** Material supplied follows **

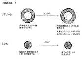 別の全く予期しなかった知見は、この材料が高エネルギープロセス(例えば、微小流動化)に供された場合、ある割合の不飽和荷電脂質を含む二層形成リン脂質は、ミセル構造(疎水性分子の組込みのあるかなしか)を想定し得ることであった。二層形成脂質からのミセルの生成は、完全に新規であると考えられ、そして二層形成脂質に関する文献から予測されていない。 Another totally unexpected finding is that when this material is subjected to high energy processes (eg, microfluidization), bilayered phospholipids containing a proportion of unsaturated charged lipids have a micellar structure (hydrophobic It was possible to envisage whether there was molecular integration. The generation of micelles from bilayered lipids is believed to be completely new and has not been predicted from literature on bilayered lipids.
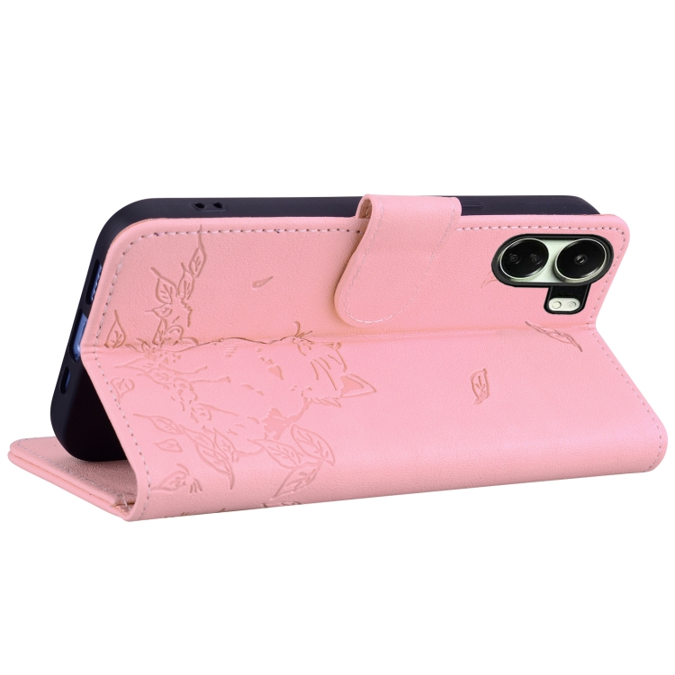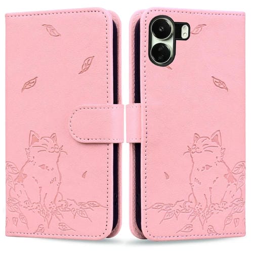 Funda de Cuero con Estampado de Gato para Xiaomi Poco C65 (Rosa)
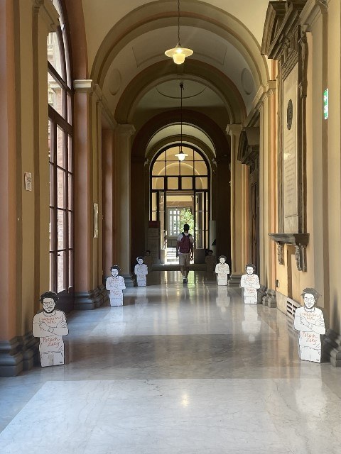 Da oggi, durante l’ennesima attesa della prossima udienza, fissata per il 27 settembre, trenta immagini di Patrick e centoventi drappi colorati popolano e colorano i corridoi e il cortile di Palazzo Poggi, sede del Rettorato, centro dell’Alma Mater.
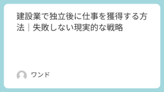 建設業で独立後に仕事を獲得する方法を初心者向けに解説。一人親方が失敗しやすいポイントと、元請・協力会社との関係を活かした現実的な仕事獲得戦略を紹介します。
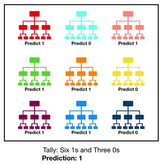 In practice, we don't typically predict with a single tree. Instead, we combine multiple trees and take the average/most common of their predictions. Keeping with the tree metaphor, this is referred to as the **random forest** algorithm.
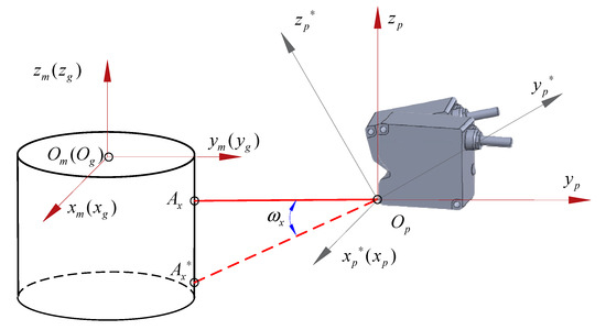In the experiment, the sensor’s poses were first calibrated according to the process in Section 2.2 of this paper. After calibration, the pitch, rolling, and yaw angles were considered to be adjusted in place, and solved for the offset distances as follows: = 11.044 mm, = 38.869 mm, and set = 0 mm.
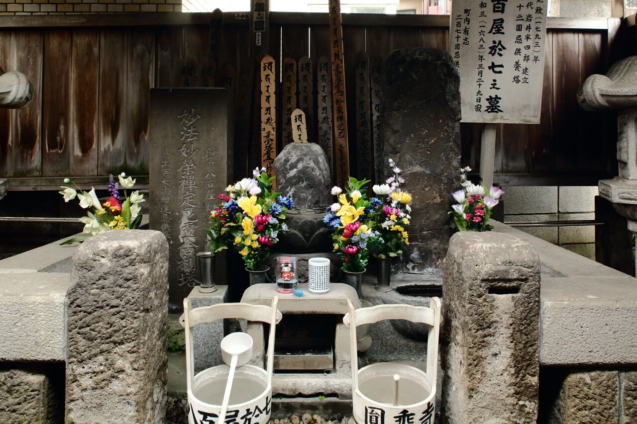 ph4 八百屋お七の墓。円乗寺。白山1-34。右の石塔は岩井半四郎の建立。2018.05.23

** End of Material supplied **

# Directions for this task
The answer is the entries above, given again exactly, with no pictures among them.

# Output
 別の全く予期しなかった知見は、この材料が高エネルギープロセス(例えば、微小流動化)に供された場合、ある割合の不飽和荷電脂質を含む二層形成リン脂質は、ミセル構造(疎水性分子の組込みのあるかなしか)を想定し得ることであった。二層形成脂質からのミセルの生成は、完全に新規であると考えられ、そして二層形成脂質に関する文献から予測されていない。 Another totally unexpected finding is that when this material is subjected to high energy processes (eg, microfluidization), bilayered phospholipids containing a proportion of unsaturated charged lipids have a micellar structure (hydrophobic It was possible to envisage whether there was molecular integration. The generation of micelles from bilayered lipids is believed to be completely new and has not been predicted from literature on bilayered lipids.
 Funda de Cuero con Estampado de Gato para Xiaomi Poco C65 (Rosa)
 Da oggi, durante l’ennesima attesa della prossima udienza, fissata per il 27 settembre, trenta immagini di Patrick e centoventi drappi colorati popolano e colorano i corridoi e il cortile di Palazzo Poggi, sede del Rettorato, centro dell’Alma Mater.
 建設業で独立後に仕事を獲得する方法を初心者向けに解説。一人親方が失敗しやすいポイントと、元請・協力会社との関係を活かした現実的な仕事獲得戦略を紹介します。
 In practice, we don't typically predict with a single tree. Instead, we combine multiple trees and take the average/most common of their predictions. Keeping with the tree metaphor, this is referred to as the **random forest** algorithm.
In the experiment, the sensor’s poses were first calibrated according to the process in Section 2.2 of this paper. After calibration, the pitch, rolling, and yaw angles were considered to be adjusted in place, and solved for the offset distances as follows: = 11.044 mm, = 38.869 mm, and set = 0 mm.
 ph4 八百屋お七の墓。円乗寺。白山1-34。右の石塔は岩井半四郎の建立。2018.05.23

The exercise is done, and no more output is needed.